EXERCISE DESCRIPTION - Quote the data below in full, minus the images.

DATA EXCERPT -
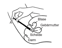2. Applikator mit Tablette vorsichtig möglichst tief in die Scheide einführen (am besten in Rückenlage).
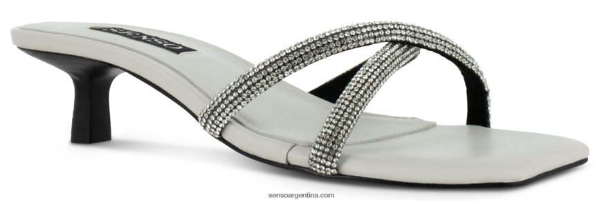 Zapatos mule brillantes de mazapán mate para niños con un diseño cruzado de correa adornada con cristales, sutil tacón bajo y puntera cuadrada.
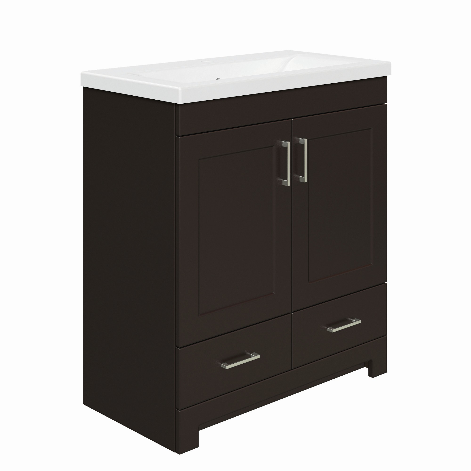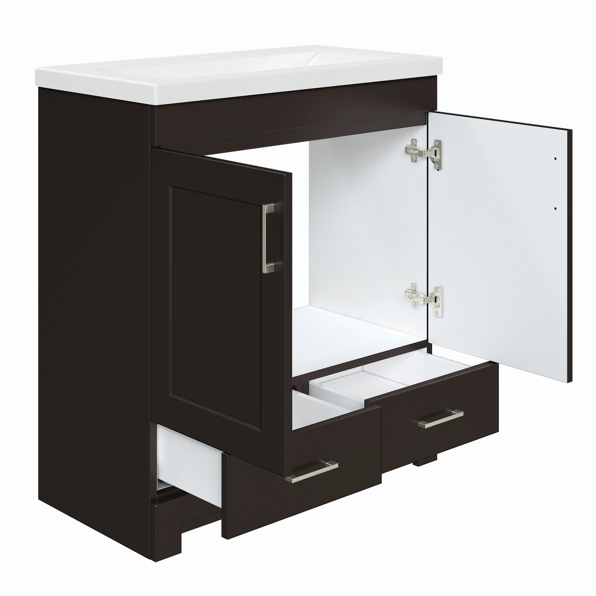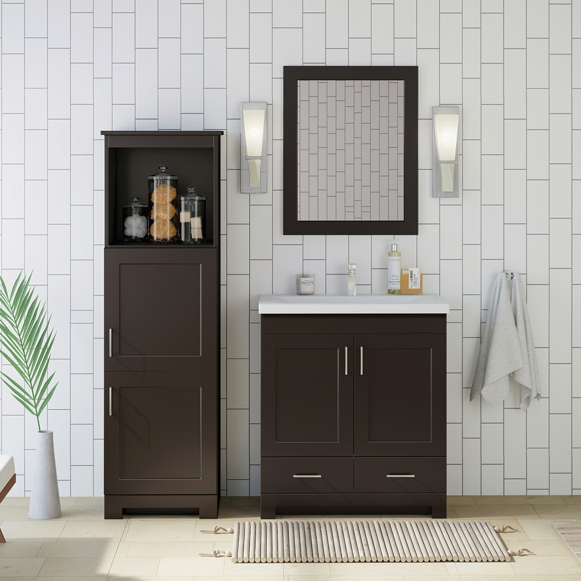 The MagickWoods Staverton collection offers a space-saving design which is ideal for smaller sized bath and powder rooms. Staverton is available in 3 beautiful and popular finishes (White, Espresso Bean and Steel Gray) to coordinate with multiple decors. Each finish is complimented with contemporary cabinet handles in a brushed nickel finish. Each 24-inch wide vanity features 2 doors and 1 drawer, and 30-inch wide and 36-inch wide vanities feature 2 doors and 2 drawers to your keep toiletries tidy. Staverton’s soft-closing doors and drawers eliminate slamming, creating quiet peaceful mornings. The simple-designed Staverton mirror hangs vertically or horizontally and is a perfect addition to any room in your home. Each Staverton vanity base includes a white ceramic vanity top with integrated rectangular bowl, drilled for a single-hole faucet (faucets are sold separately). Complete the look: the Staverton linen cabinet offers concealed storage, plus an open shelf to hold linens, baskets and favorite toiletries. Staverton vanities, mirrors and linen cabinets are conveniently pre-assembled and easy to install.

YOUR RESPONSE -
2. Applikator mit Tablette vorsichtig möglichst tief in die Scheide einführen (am besten in Rückenlage).
 Zapatos mule brillantes de mazapán mate para niños con un diseño cruzado de correa adornada con cristales, sutil tacón bajo y puntera cuadrada.
 The MagickWoods Staverton collection offers a space-saving design which is ideal for smaller sized bath and powder rooms. Staverton is available in 3 beautiful and popular finishes (White, Espresso Bean and Steel Gray) to coordinate with multiple decors. Each finish is complimented with contemporary cabinet handles in a brushed nickel finish. Each 24-inch wide vanity features 2 doors and 1 drawer, and 30-inch wide and 36-inch wide vanities feature 2 doors and 2 drawers to your keep toiletries tidy. Staverton’s soft-closing doors and drawers eliminate slamming, creating quiet peaceful mornings. The simple-designed Staverton mirror hangs vertically or horizontally and is a perfect addition to any room in your home. Each Staverton vanity base includes a white ceramic vanity top with integrated rectangular bowl, drilled for a single-hole faucet (faucets are sold separately). Complete the look: the Staverton linen cabinet offers concealed storage, plus an open shelf to hold linens, baskets and favorite toiletries. Staverton vanities, mirrors and linen cabinets are conveniently pre-assembled and easy to install.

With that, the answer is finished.